*Directions:*
Would you retype exactly the lines below, starting with the one that has "膜結(jié)構(gòu)車" and going on through the one that has "為進一步推進黨紀(jì)學(xué)習(xí)教育走深走", with no pictures and nothing else?

(Beginning of Input material)

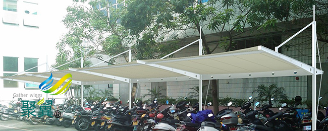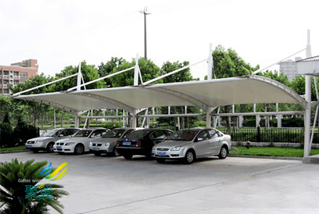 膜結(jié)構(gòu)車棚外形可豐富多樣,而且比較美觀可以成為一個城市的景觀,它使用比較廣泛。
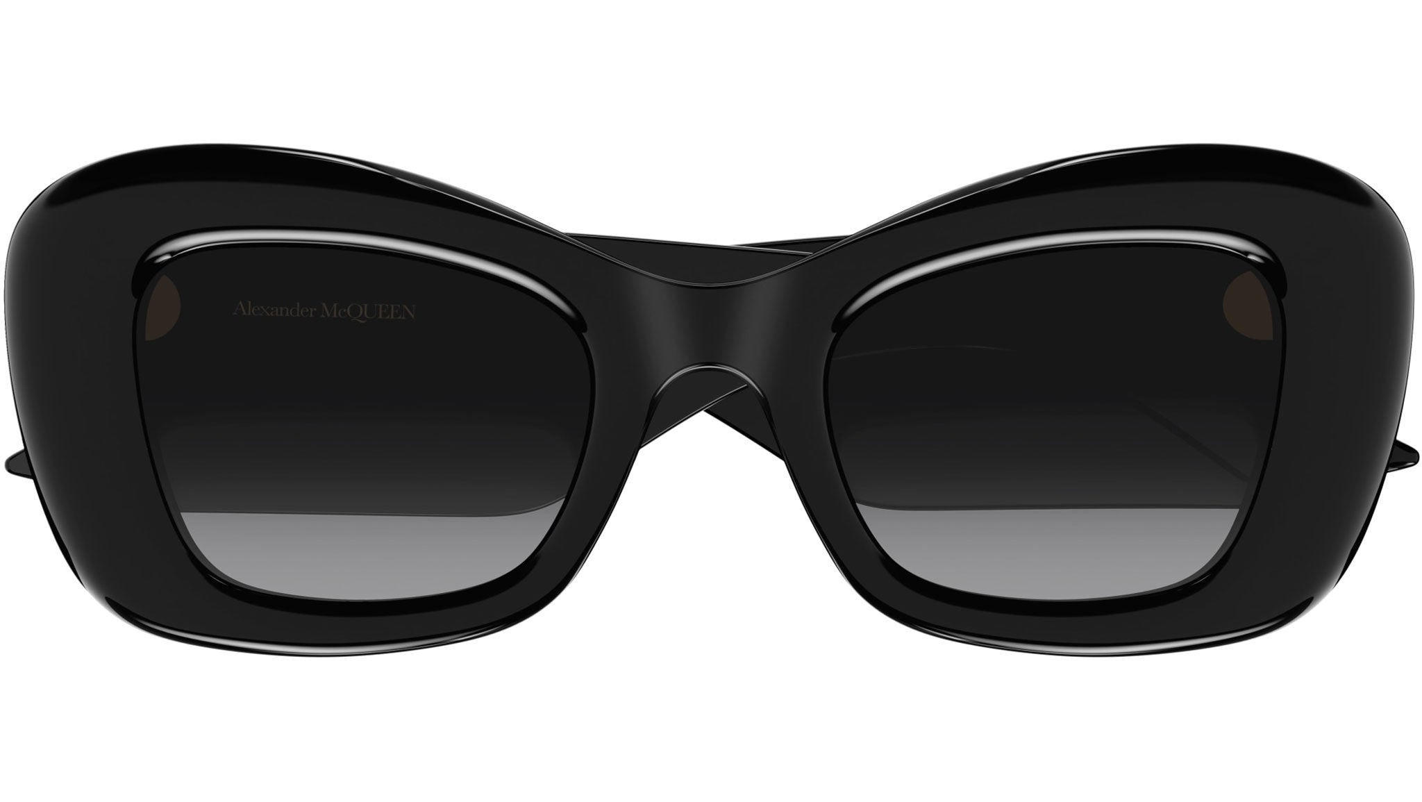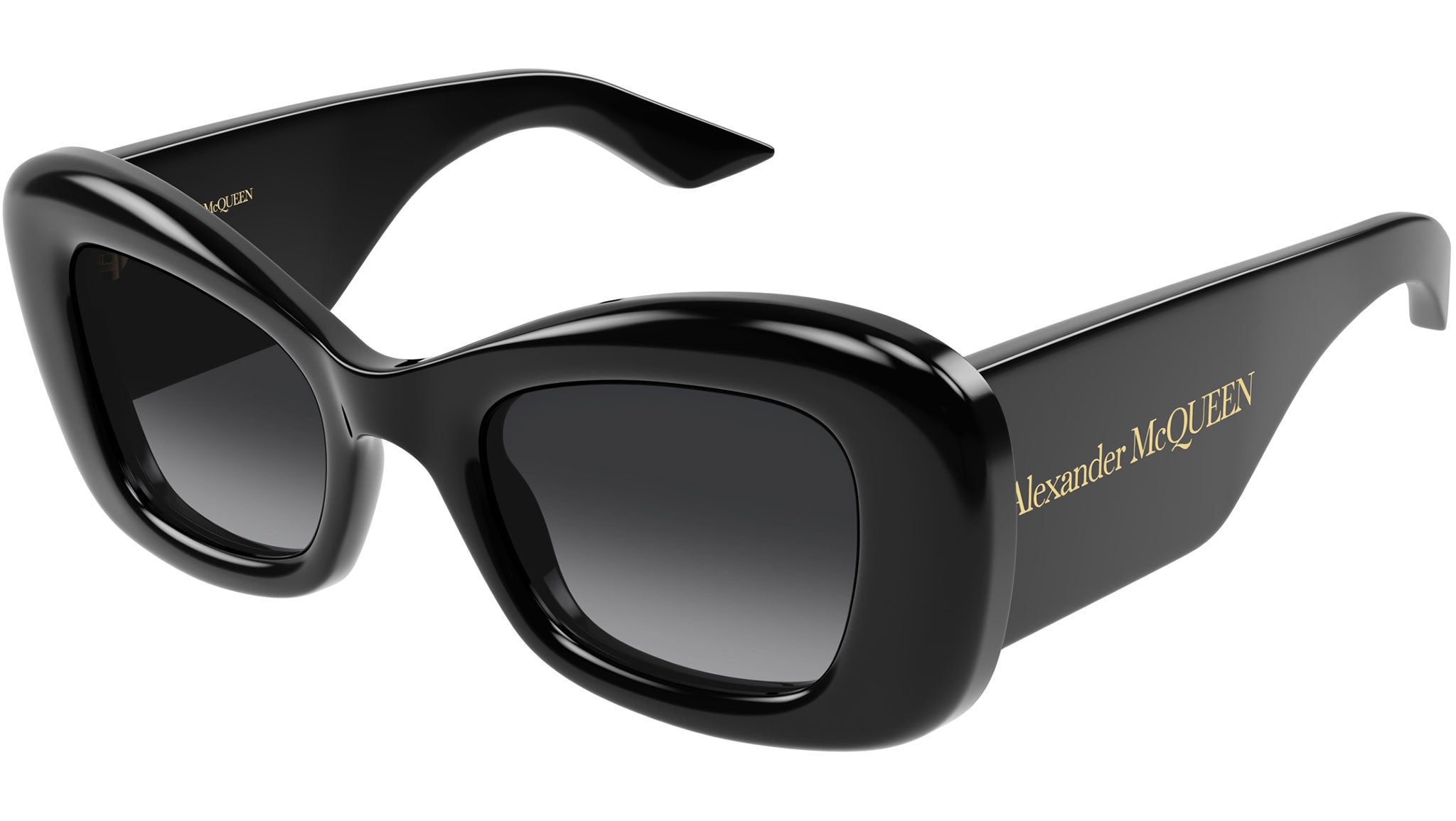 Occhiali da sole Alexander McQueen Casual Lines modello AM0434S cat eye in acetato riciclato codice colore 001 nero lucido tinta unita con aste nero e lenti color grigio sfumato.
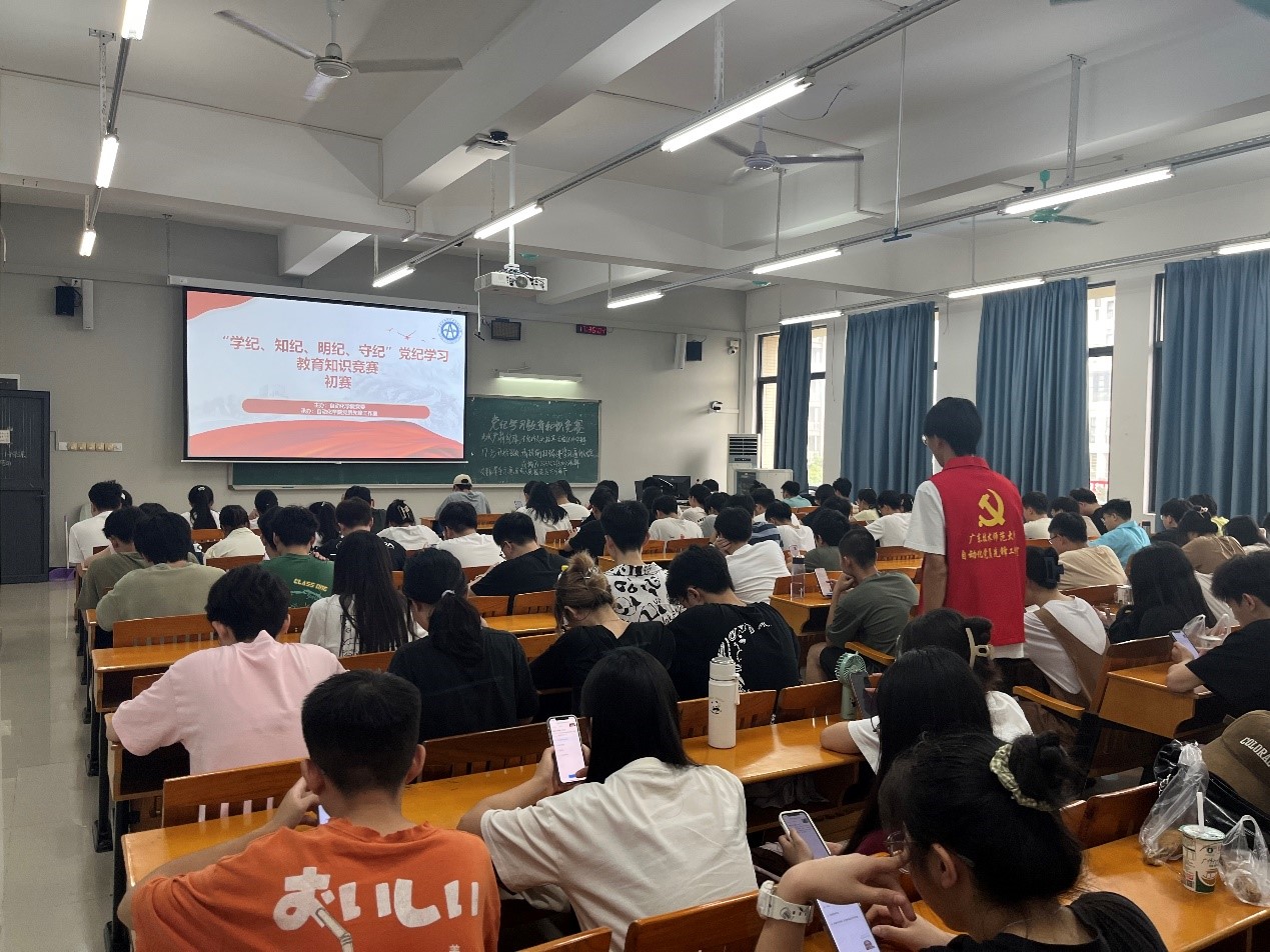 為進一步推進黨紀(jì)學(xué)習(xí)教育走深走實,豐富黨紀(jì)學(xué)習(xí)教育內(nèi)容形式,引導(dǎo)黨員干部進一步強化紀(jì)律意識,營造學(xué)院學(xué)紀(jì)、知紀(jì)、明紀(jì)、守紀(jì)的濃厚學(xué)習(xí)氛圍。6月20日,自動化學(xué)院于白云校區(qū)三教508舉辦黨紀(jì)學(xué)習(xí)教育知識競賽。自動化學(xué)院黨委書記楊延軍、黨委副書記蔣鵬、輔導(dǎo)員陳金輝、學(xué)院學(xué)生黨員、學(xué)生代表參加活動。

(End of Input material)
(Beginning of Input material)

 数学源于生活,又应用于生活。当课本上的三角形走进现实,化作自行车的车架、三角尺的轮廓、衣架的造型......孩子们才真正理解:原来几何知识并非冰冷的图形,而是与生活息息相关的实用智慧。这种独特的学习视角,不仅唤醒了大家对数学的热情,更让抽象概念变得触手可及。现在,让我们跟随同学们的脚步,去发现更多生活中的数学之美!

(End of Input material)
(Beginning of Input material)

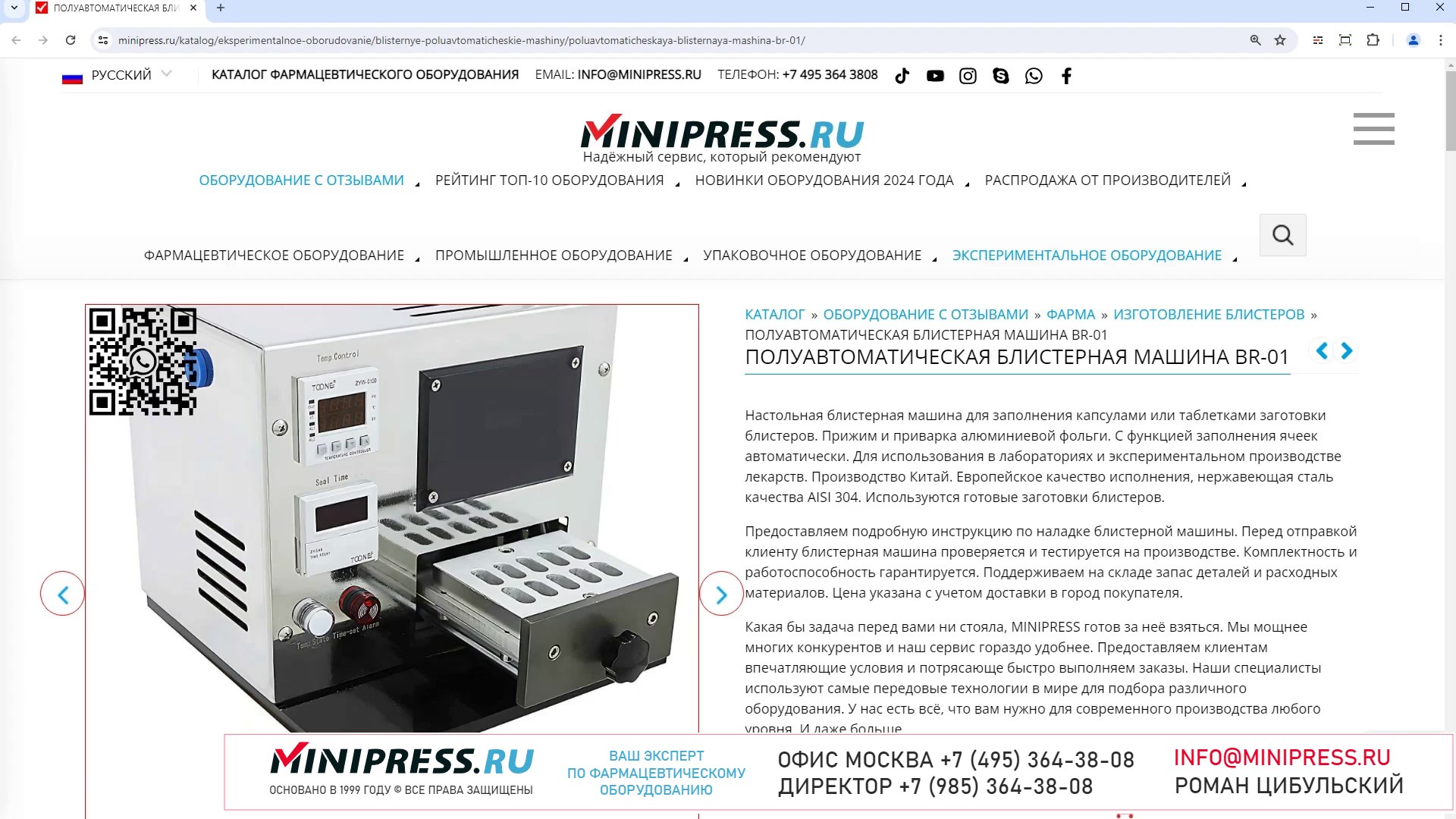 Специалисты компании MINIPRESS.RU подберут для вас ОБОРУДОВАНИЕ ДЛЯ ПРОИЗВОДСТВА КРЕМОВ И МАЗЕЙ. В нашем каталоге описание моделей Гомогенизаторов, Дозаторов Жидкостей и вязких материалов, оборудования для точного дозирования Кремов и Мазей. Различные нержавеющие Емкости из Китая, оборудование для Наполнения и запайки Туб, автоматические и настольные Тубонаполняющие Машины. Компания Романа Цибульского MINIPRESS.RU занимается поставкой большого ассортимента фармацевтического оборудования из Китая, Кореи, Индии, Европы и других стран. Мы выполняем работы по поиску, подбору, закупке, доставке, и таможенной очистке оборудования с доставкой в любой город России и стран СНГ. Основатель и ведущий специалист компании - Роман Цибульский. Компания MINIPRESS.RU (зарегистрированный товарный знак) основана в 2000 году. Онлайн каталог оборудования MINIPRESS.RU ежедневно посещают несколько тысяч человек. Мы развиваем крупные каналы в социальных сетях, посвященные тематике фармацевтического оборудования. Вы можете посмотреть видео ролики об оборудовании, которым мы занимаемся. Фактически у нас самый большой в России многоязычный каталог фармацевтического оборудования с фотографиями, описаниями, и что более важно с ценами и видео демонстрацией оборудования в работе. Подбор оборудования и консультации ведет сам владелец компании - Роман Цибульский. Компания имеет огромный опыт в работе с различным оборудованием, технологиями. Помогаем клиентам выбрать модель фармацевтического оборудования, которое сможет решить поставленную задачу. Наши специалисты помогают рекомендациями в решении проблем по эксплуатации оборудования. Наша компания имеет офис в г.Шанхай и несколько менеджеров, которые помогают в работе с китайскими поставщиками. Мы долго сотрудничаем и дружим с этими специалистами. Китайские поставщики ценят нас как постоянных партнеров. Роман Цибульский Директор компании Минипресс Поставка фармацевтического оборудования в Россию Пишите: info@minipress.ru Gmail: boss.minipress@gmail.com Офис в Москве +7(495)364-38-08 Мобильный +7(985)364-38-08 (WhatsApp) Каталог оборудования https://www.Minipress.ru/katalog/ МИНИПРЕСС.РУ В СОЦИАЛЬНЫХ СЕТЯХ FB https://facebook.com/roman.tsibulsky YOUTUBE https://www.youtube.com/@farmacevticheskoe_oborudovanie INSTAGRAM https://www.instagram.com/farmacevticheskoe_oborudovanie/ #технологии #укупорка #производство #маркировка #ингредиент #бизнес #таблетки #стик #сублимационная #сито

(End of Input material)

*Task result:*
 膜結(jié)構(gòu)車棚外形可豐富多樣,而且比較美觀可以成為一個城市的景觀,它使用比較廣泛。
 Occhiali da sole Alexander McQueen Casual Lines modello AM0434S cat eye in acetato riciclato codice colore 001 nero lucido tinta unita con aste nero e lenti color grigio sfumato.
 為進一步推進黨紀(jì)學(xué)習(xí)教育走深走實,豐富黨紀(jì)學(xué)習(xí)教育內(nèi)容形式,引導(dǎo)黨員干部進一步強化紀(jì)律意識,營造學(xué)院學(xué)紀(jì)、知紀(jì)、明紀(jì)、守紀(jì)的濃厚學(xué)習(xí)氛圍。6月20日,自動化學(xué)院于白云校區(qū)三教508舉辦黨紀(jì)學(xué)習(xí)教育知識競賽。自動化學(xué)院黨委書記楊延軍、黨委副書記蔣鵬、輔導(dǎo)員陳金輝、學(xué)院學(xué)生黨員、學(xué)生代表參加活動。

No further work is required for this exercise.